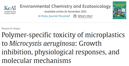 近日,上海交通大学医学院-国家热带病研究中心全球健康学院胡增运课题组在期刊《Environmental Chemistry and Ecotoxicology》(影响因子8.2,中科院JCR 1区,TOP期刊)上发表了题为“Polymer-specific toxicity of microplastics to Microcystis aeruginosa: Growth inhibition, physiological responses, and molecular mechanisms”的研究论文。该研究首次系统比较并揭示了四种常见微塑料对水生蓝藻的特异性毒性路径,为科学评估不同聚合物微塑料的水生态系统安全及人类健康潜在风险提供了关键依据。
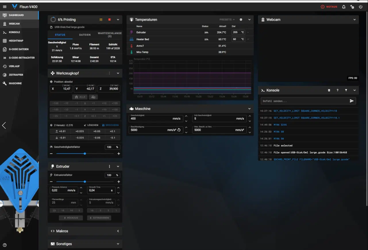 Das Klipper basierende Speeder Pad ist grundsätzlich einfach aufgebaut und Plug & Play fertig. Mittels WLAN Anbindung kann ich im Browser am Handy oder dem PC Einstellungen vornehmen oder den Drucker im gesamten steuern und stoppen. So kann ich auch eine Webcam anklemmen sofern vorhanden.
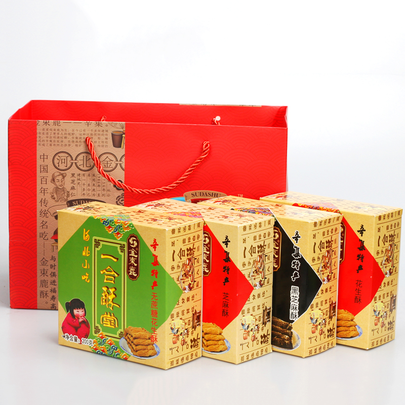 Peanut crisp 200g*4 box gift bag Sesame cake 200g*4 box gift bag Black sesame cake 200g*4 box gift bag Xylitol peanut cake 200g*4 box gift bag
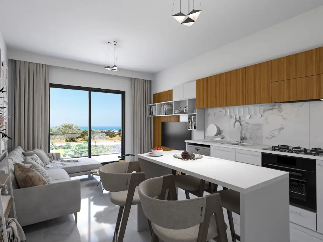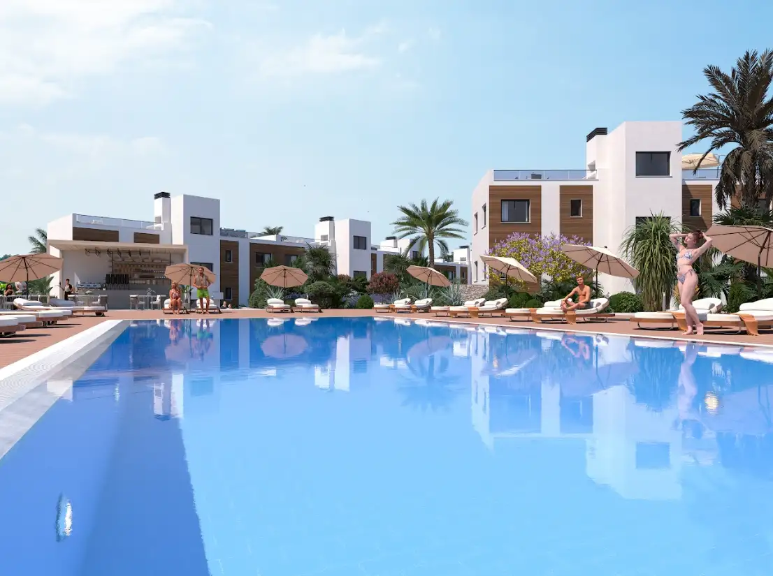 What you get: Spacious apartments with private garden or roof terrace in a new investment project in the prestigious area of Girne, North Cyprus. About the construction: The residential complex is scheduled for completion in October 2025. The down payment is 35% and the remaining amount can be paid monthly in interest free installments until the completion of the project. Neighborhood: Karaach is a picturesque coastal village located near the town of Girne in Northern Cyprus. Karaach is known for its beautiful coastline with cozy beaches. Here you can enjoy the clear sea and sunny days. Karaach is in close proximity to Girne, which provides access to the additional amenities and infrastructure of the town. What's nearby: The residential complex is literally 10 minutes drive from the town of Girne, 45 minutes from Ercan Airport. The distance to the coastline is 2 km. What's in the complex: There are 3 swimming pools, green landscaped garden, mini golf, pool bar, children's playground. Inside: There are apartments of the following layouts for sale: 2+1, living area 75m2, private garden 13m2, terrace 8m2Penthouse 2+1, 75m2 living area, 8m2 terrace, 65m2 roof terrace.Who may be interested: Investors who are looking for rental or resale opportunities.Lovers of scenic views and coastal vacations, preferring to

* * *

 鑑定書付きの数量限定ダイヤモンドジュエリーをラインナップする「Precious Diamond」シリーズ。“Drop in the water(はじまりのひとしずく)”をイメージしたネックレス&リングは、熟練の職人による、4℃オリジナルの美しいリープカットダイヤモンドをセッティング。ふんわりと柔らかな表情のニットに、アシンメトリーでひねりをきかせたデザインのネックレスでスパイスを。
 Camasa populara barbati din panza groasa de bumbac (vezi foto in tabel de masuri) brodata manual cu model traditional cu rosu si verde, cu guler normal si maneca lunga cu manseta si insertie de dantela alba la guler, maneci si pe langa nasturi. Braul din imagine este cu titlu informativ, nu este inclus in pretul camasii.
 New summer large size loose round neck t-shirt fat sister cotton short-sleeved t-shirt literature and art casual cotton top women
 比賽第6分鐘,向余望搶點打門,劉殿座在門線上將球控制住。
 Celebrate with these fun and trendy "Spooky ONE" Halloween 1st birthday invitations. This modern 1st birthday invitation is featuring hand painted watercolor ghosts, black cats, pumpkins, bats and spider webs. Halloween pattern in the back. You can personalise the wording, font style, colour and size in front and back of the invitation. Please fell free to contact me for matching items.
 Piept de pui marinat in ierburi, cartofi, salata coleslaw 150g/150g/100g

Instructions for the task:
From the records above, print exactly the lines that run from the line with "Camasa populara barbati" to the line with "比賽第6分鐘,向余望搶點打門,劉殿座在門線上將球控制住。", inclusive.

Solution to this task:
 Camasa populara barbati din panza groasa de bumbac (vezi foto in tabel de masuri) brodata manual cu model traditional cu rosu si verde, cu guler normal si maneca lunga cu manseta si insertie de dantela alba la guler, maneci si pe langa nasturi. Braul din imagine este cu titlu informativ, nu este inclus in pretul camasii.
 New summer large size loose round neck t-shirt fat sister cotton short-sleeved t-shirt literature and art casual cotton top women
 比賽第6分鐘,向余望搶點打門,劉殿座在門線上將球控制住。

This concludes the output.